The first bailout failed to set Greece on a sustainable path. “Market
confidence was not restored, the banking system lost 30 percent of its
deposits, and the economy encountered a much deeper-than-expected
recession with exceptionally high unemployment,” the report said. In
2012, the I.M.F. and its partners, the European Commission and the European Central Bank,
agreed to a bigger second program, totaling about $170 billion and
requiring Greece’s private sector bondholders to accept losses of at
least 50 percent. The Greek economy has been shrinking for six
consecutive years, with no end in sight, erasing a full decade of
growth. The unemployment rate has hit 27 percent.
The report said that the fund miscalculated the so-called multiplier, or
the effect that adding or subtracting a dollar of government spending
would have on the broader economy during the downturn. It underestimated
the scale of what has proved to be a devastating Greek depression,
fueled in part by sharp government spending cuts and tax increases.
Over the last year, the fund has performed a broader reassessment
of the fiscal multiplier during the downturn, to help explain why it
underestimated some countries’ growth and overestimated others.
Multipliers at that time were actually multipliers that were in line
with estimates by the Organization for Economic Cooperation and
Development, said Poul Thomsen, the fund’s mission chief for Greece, in a
conference call with reporters. He said other, unexpected factors had
contributed to Greece’s collapse: among them the country’s internal
political crisis, concern within the European Union that the country
would abandon the euro currency and worries among investors that the
Europeans did not have an adequate crisis response.
The initial program for Greece was “necessary” and “appropriate,” the
report concludes. But it also bent the I.M.F.’s own rules for lending to
bankrupt countries. In particular, the fund’s experts were “unable to
vouch” that Greece would be able to repay its loans in the medium term.
“Staff favored going ahead with exceptional access because of the fear
that spillovers from Greece would threaten the euro area and the global
economy,” the report said.
The I.M.F. released the document after The Wall Street Journal reported some of its conclusions online.
In hindsight, the fund arguably missed two other internal criteria as
well, the report concludes: ascertaining that Greece had “good prospects
of regaining access to private capital markets” and ensuring that it
had a “reasonably strong prospect of the programs’ success taking into
account institutional and political capacity to deliver adjustment.”

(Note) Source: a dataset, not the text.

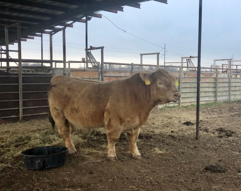 Yep, there was a bull I’d never seen before. He was, to say the least, beefy, quite a load of bull. I was like, uh oh, he probably won’t like me going around messing near him. I could see that he’d been upset and dug the dirt and mud up in the pen. So I said hi.

The report suggests that the so-called troika responsible for the
bailout program — the I.M.F., the European Commission and the European
Central Bank — might have forced Greek bondholders to take a haircut on
their bonds sooner, while noting the political opposition to that step.

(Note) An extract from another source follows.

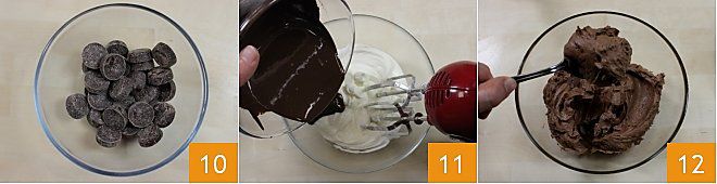 Ahora pasa a preparar el chocolate para mezclarlo con el queso crema: pon el chocolate negro en un tazón 10 y colócalo en una cacerola llena hasta la mitad con agua. Luego enciende el fuego y derrite el chocolate al baño maría. En un tazón aparte, pon el queso crema y el azúcar glas y mezcla los dos ingredientes con la batidora eléctrica. Luego agrega el chocolate derretido tibio y bate los ingredientes 11. Cuando obtengas una mezcla homogénea 12, transfiérela a una batidora de pie (o a un tazón grande para trabajarlo con una batidora eléctrica), agrega los huevos y enciende las batidoras.

“Not tackling the public debt problem decisively at the outset or early
in the program created uncertainty about the euro area’s capacity to
resolve the crisis and likely aggravated the contraction in output,” the
report states.
The report also said Greece might have benefited from less stringent
fiscal targets, or targets spread out over a longer time frame. But that
would have required billions more euros in support, the fund said, and
that support clearly did not exist. Indeed, “the fiscal targets became
even more ambitious once the downturn exceeded expectations,” the report
said.
The initial Greek program ended up acting as a “holding operation,”

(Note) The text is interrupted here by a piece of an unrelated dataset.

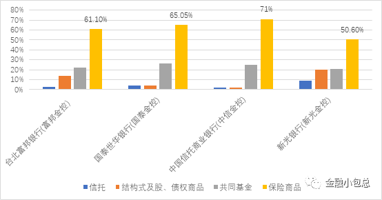 臺灣地區金融機構目前以“金控”體系為主,一個金控集團旗下囊括了銀行、保險、證券期貨和基金公司。金控體系下各個金融子板塊之間往往從考核機制上被要求要相互協作,因而金控下的銀行財富管理部門有意識引導民眾購買保單。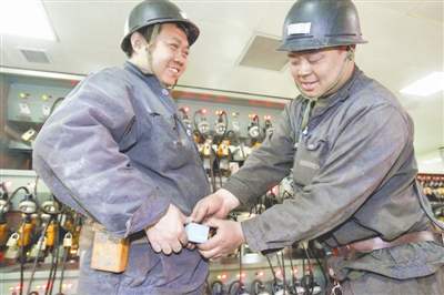 ▶日前,两名矿工在下井前相互检查新配备的矿工井下数字定位系统。

buying time for Europe to try to limit the fallout, the report
concludes.
The I.M.F. also expressed misgivings about the troika that financed and ran the bailout program.
“None of the partners seemed to view the arrangement as ideal,” it said,
and they failed to establish a proper division of labor. Still, “the
view of everybody involved on the inside is that given that these are
three institutions that have not had a history of working in that way
together, it worked surprisingly well,” Mr. Thomsen, the Greek mission
chief, said. “It doesn’t mean it couldn’t work better.”